Eylea (aflibercept) is a widely prescribed treatment for ophthalmic conditions, including wet age-related macular degeneration (wAMD) and diabetic macular edema (DME). In 2024, the treatment recorded global annual sales of KRW 13 trillion (USD 9.5 billion), solidifying its status as a blockbuster drug.
With this marketing approval, Eyluxvi may now be prescribed for all indications approved for Eylea in Europe, including wet age-related macular degeneration (wAMD), macular edema secondary to branch or central retinal vein occlusion (BRVO/CRVO), diabetic macular edema (DME), and myopic choroidal neovascularization (myopic CNV).
"Eyluxvi is the first biosimilar to secure approval after being developed through our in-house research and subsequently advanced to global clinical development in collaboration with our subsidiary, 카지노 바카라 Biologics. This achievement has expanded our expertise not only in research and development (R&D) but also in the regulatory and approval process in Europe," said Park Soon-jae, CEO of 카지노 바카라. "We will continue to work toward delivering accessible products for patients suffering from life-threatening ophthalmic conditions such as macular degeneration," he added.

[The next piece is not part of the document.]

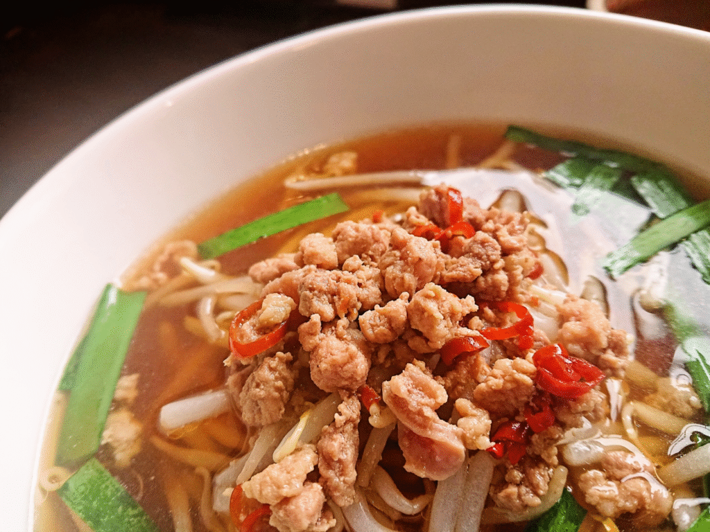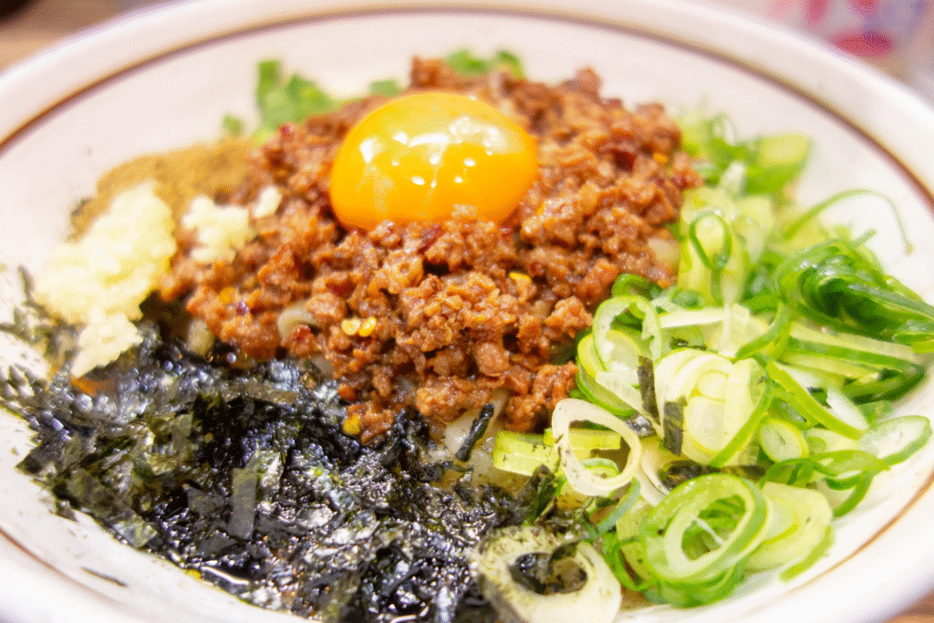 - 特徴: 台湾ミンチ(唐辛子とニンニクを効かせた醤油味のピリ辛ミンチ)を極太麺に乗せた、汁無し麺。

This EC approval was supported by data from a Phase 3 clinical trial conducted by 카지노 바카라 Biologics, a subsidiary of 카지노 바카라, across 12 countries, including those in Europe, as well as Korea, and Japan, between June 2022 and February 2024. The study enrolled 431 wAMD patients to assess the efficacy and safety of ALT-L9 in comparison with Eylea. The results confirmed therapeutic equivalence and a comparable safety profile to Eylea.